AWS Service Control Policies (SCPs) are another technology that can be used inside an AWS Organization. An AWS SCP is a type of policy which can limit effective permissions for what resources can be created, and any conditions for a given resource type. These policies are enforced prior to resource creation, and so are a preventative control like Azure Policy. SCPs are attached at different levels of the AWS Organization hierarchy to create different effective permissions based on business needs, such as environment types or business units. Policies can be combined in a single SCP to cover many different scenarios such as ensuring a tag is present on resources created or ensuring all S3 buckets are created with encryption enabled. You can find other scenarios here
Generally, SCPs and AWS Config should both be implemented, with preventative coarse-grained elements covered by SCPs, and detective and responsive elements handled with more specific AWS Config rules to provide a level of end-to-end coverage.
Policy as Code is the idea of writing business policies (and controls) in a high-level language, which can be interpreted by both humans and machines, in order to automate policy decisions within the developer workflow. This approach embodies 'shift left' by providing fast feedback to teams early in the development lifecycle for services and infrastructure which don’t conform to established policy. By writing policies in a machine-readable format, standard development practices around version control, automated testing and automated deployment can be adopted.

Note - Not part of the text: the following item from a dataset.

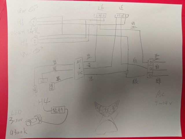原本是將鹵素大燈換成h6的毛毛蟲魚眼(近黃遠白),且在燈座下半圈墊上水管橡皮墊片,

This process involves various stages:
There are many technologies which are well established in this space, and far too many to cover in this article. Here are the main three that we feel have a good level of maturity to suit production use cases.
Open Policy Agent (OPA) is an open source, general-purpose policy engine. OPA, unlike other tools, looks at enforcement of policies across the entire IT stack not just development pipelines. It has a rich set of integrations with Terraform, Kubernetes, Envoy and many more where it can be called to make reliable policy decisions prior to deployment and in-life. OPA policies are written in a language called Rego which allows you to express policies over complex hierarchical data. It can be deployed in three distinct ways.
Airwalk has published some articles explaining how OPA can be used:
Automate policies enforcement with Policy-as-Code
Pre-deployment Policy Checks for Terraform using OPA (Open Policy Agent)
Sentinel is Hashicorp’s Policy as Code framework which can be used across most of the Hashicorp family of products, but most often with Terraform to provide a CSP agnostic policy enforcement layer for Infrastructure as Code (IaC). Sentinel is able to inspect a Terraform plan for compliance against defined policies within a Policy Set before permitting the deployment of infrastructure to the target environment.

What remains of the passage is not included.